Post-Quantum Security of the Bitcoin Backbone and Quantum Multi-Solution Bernoulli Search

Bitcoin and its underlying blockchain protocol have recently received significant attention in the context of building distributed systems and foundations of the consensus problem. At the same time, the rapid development in quantum computing makes the threats to cryptography more and more concerning. In this work, we revisit the formal security of the core of the Bitcoin consensus protocol, called the Bitcoin backbone (Eurocrypt 2015), in the presence of quantum adversaries -- i.e. adversaries equipped with quantum computers. We show that the security of the Bitcoin backbone holds under a quantum analogue of the ``honest majority'' assumption that we develop.
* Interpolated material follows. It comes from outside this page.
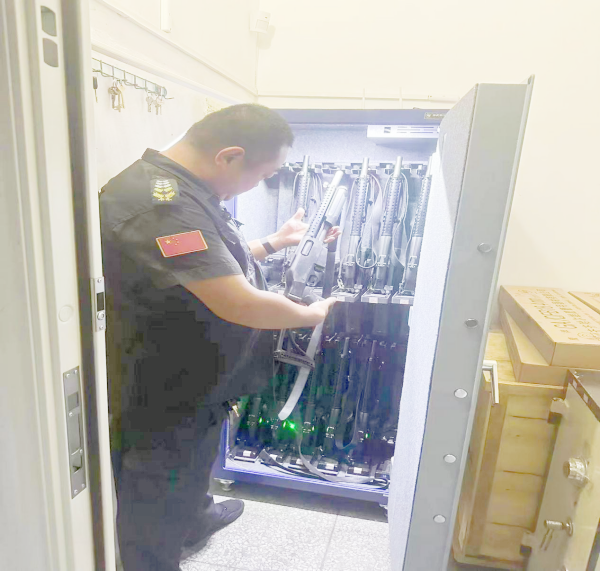 檢查中,王勇重點(diǎn)對槍彈庫的安全、領(lǐng)取存放槍支流程制度和雙人雙崗落實(shí)情況進(jìn)行檢查,并對槍支彈藥的數(shù)量及磨損情況進(jìn)行現(xiàn)場核實(shí)。針對發(fā)現(xiàn)的問題,及時(shí)對槍庫值守人員進(jìn)行批評教育,并要求立即整改。王勇強(qiáng)調(diào),槍彈安全無小事,槍庫槍支更是重中之重,任何人都不得麻痹大意;日常工作中守庫員必須提高思想認(rèn)識,從嚴(yán)管理槍彈。
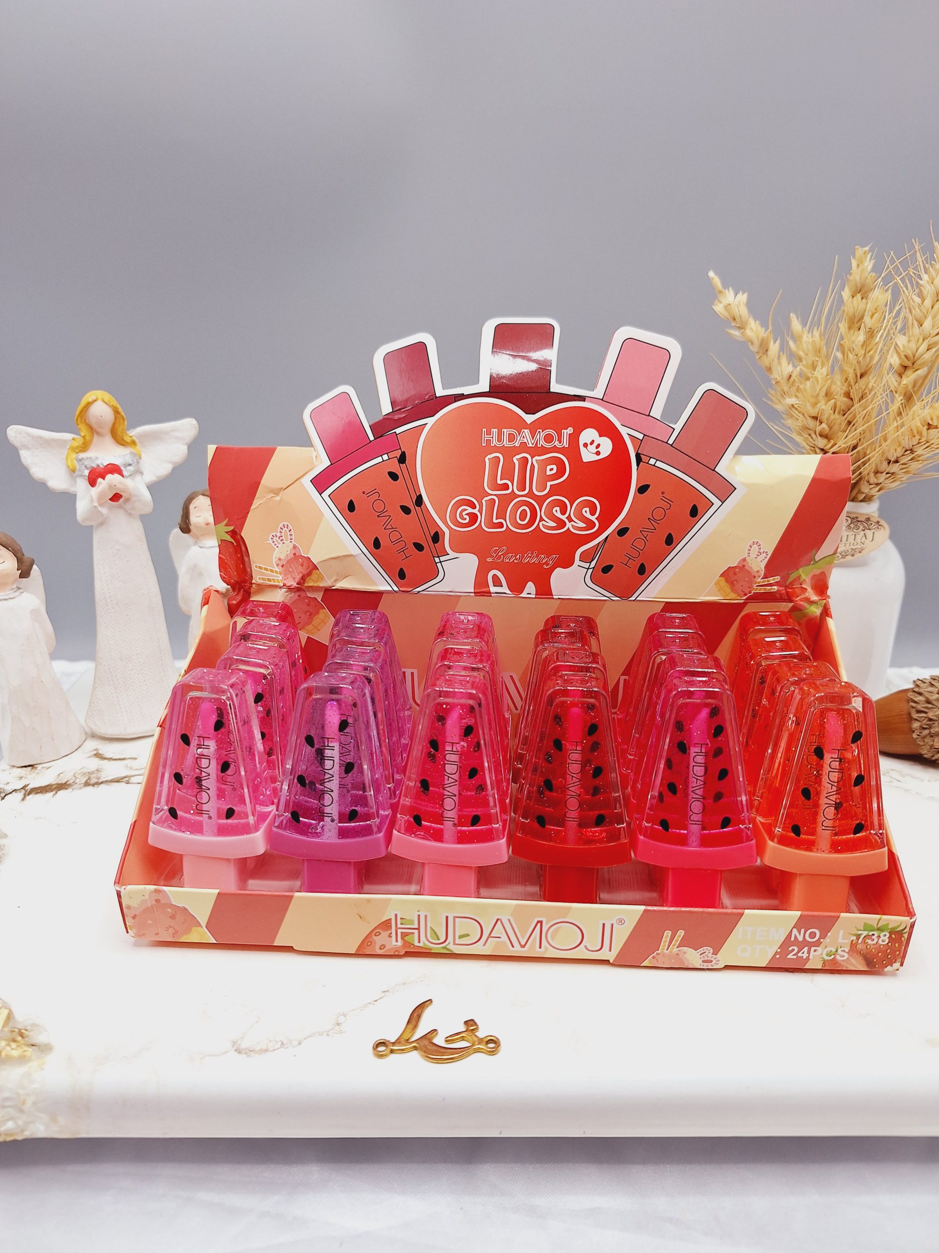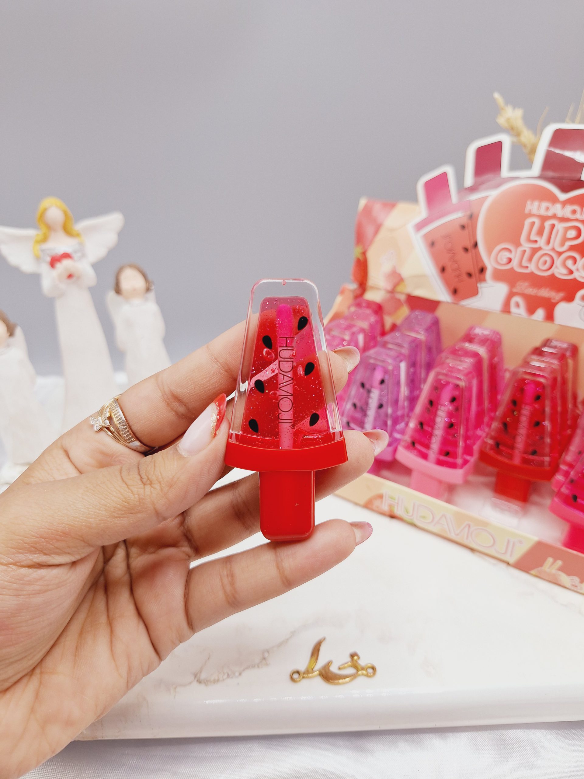 لیپ گلاس شاین دار طرح هندوانه با بوی محشر برند HUDAMOJI کد L738

The critical ingredient of proving security of the blockchain is to analyzing the quantum query complexity of a Chain-of-Proofs-of-Work search problem. This problem in turn reduces to a problem we call multi-solution Bernoulli search, for which we establish its quantum query complexity. This can be viewed as an extension of a threshold direct product theorem to an average-case unstructured search problem. Our proof, adding to active recent efforts, simplifies and generalizes the powerful recording technique due to Zhandry (Crypto 2019). Our analysis indicates that the security of the Bitcoin backbone protocol is guaranteed provided that the number of adversarial quantum queries is bounded so that each quantum query is worth $O(p^{-1/2})$ classical ones, where $p$ is the probability of success of a single classical query to the protocol's underlying hash function. Perhaps surprisingly, the wait time for safe settlement of transactions in the case of quantum adversaries matches (up to a constant) the safe settlement time in the classical case and thus does not result in any further overhead.